I am not a truffler, but I am starting to see just why these little subterranean fungi can be so fascinating. Someone found a true Tuber sp., which I IDed as Tuber californicum. This Tuber has a pale peridium and a faint garlicky odor and some way-cool, fat sacs of asci under the scope. Peter Werner made us a gorgeous prep with Congo Red, and it was hard to tear your eyes away from that beautiful and fascinating slide!
Frankly, our attendees were every bit as interesting as our fungal collections. We had attendees from Ontario Canada, the Midwest (Minnesota and Kansas!) and the Pacific Northwest as well as all over California. Best of all, folks were really there to hands-on learn, and have fun while learning, rather than being focused on merely edible mushrooms and entertainment. One gal asked me about foray etiquette, and whether it was "OK" to even collect edibles! How funny is THAT? Ironically, we all had to obtain those stupid "commercial hunter" permits from JSF before we could collect legally in JSF. I have no problem donating funds to JSF to preserve those trees and land; I do resent being part of a "commercial hunter" database, when the exact opposite is true!

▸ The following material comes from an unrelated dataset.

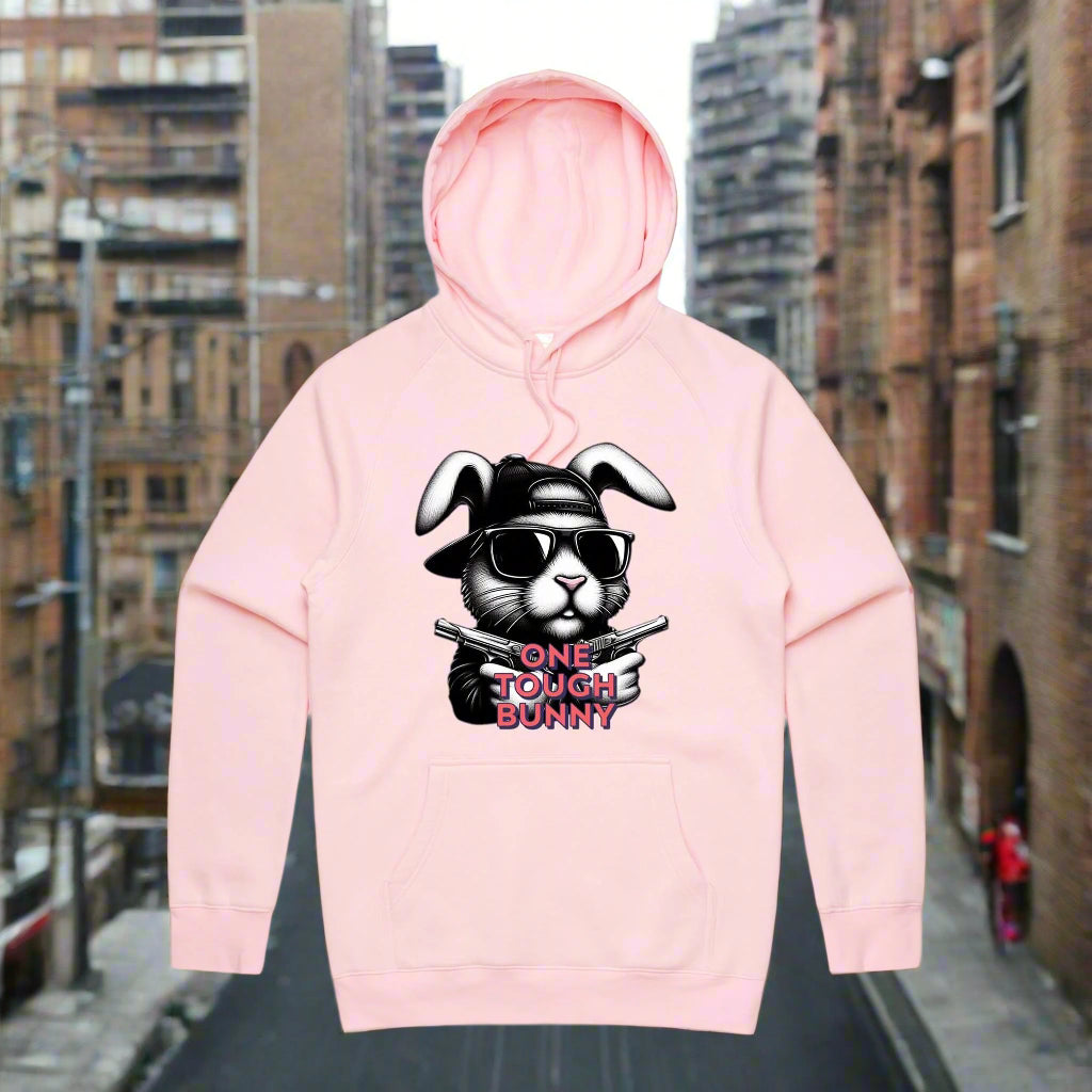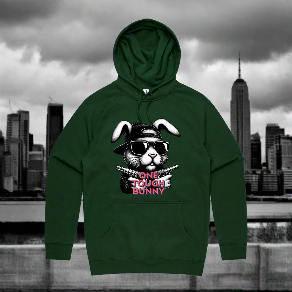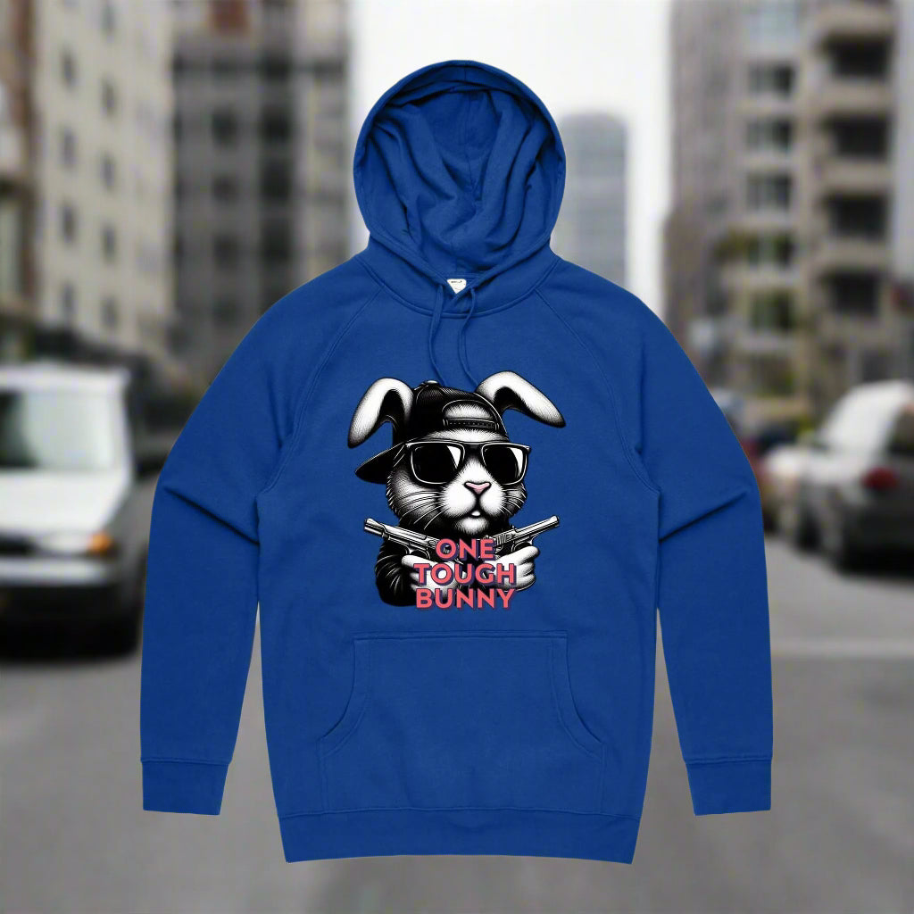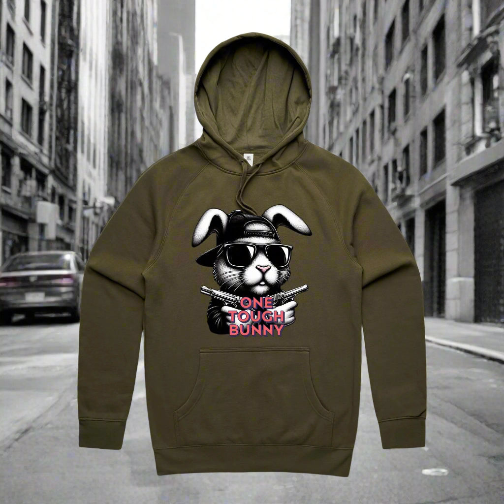 The One Tough Bunny hoodie brings a little attitude not just to the Easter season, but all year round. Featuring a fun, gangster-inspired design, this hoodie will have you feeling like a tough bunny hopping through life. Keep warm and stay cool in this unique hoodie.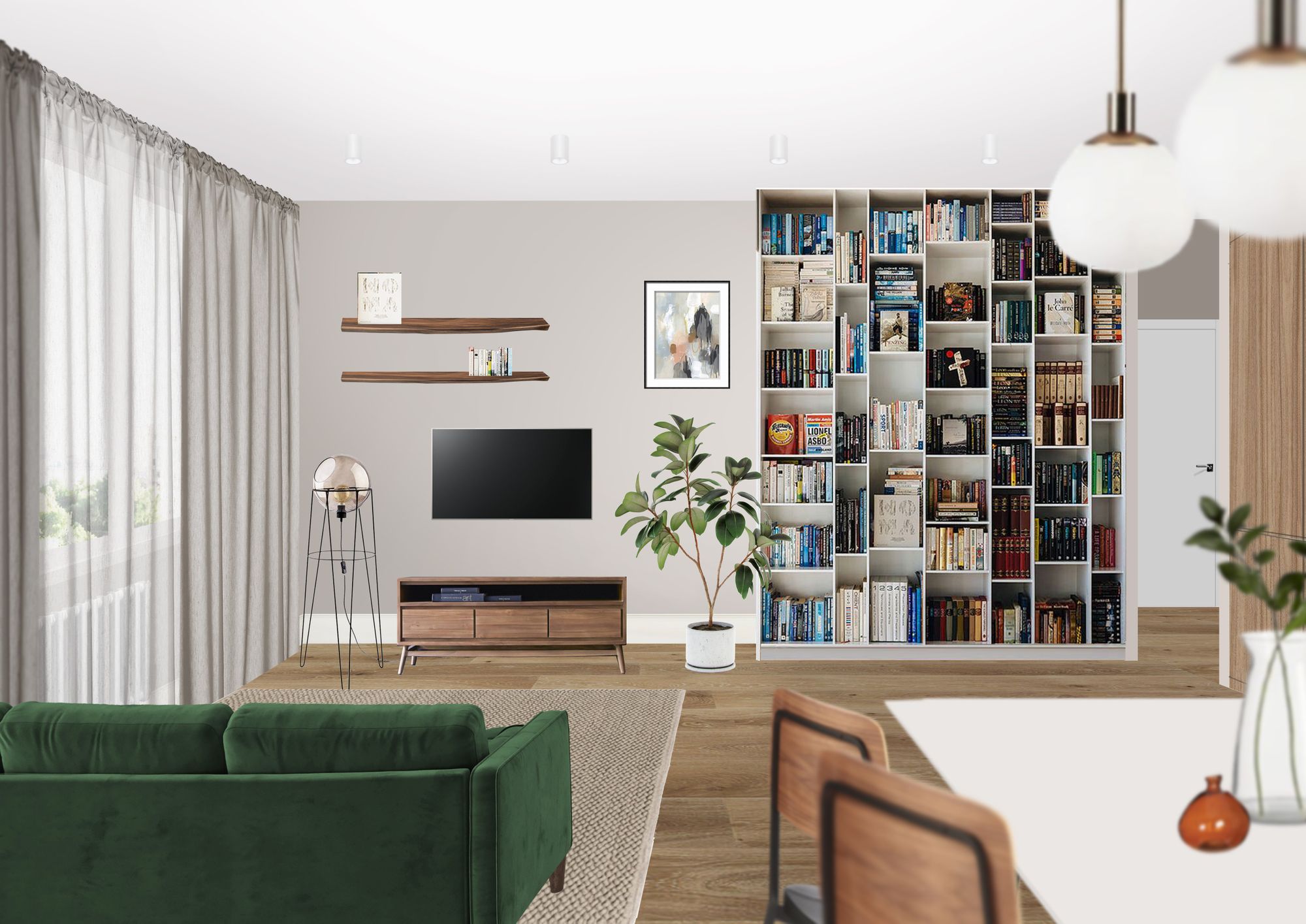 Напротив дивана можно разместить телевизор, который хорошо будет видно и с кухни и за обеденным столом.

As luck would have it, we ran into the actual Jackson Demonstration State Forest manager while standing around Mushroom Corners. She was on her day off, and biking through the forest, and asked us about our time in "her" woods. All very friendly. We will continue to pursue this serendipitous contact in hopes of adding more reason to JSF mushroom policies. Turns out in their current incarnation, they are really not quite sure what to do with the various fungal species lists that some of us have been sending them. Surely we can help raise the bar for fungi to the north of the BA, as well as within it?
You know you are at a mushroom-centric foray when even the cabins are sprouting fungi: Peziza domicillus, large, pale brown cups, growing out of Hugh and Sandi's door frame! Good news for fungal fanatics, not so good news for property managers. We alerted the proper authorities.
AS always, our dear friends Hugh and Sandi showed their collecting group a rollicking good time in the woods. No wonder folks fight to go on their forays. Still, anywhere in the wet and gloriously green forest was a good time, and all I saw this past weekend were happy faces.
Mark your calendars for January 2018, when we do this super-fun and cushy, taxo-centric biannual foray all over again.
AAAAACCCCCCCCFFFFFFF! It's what you want.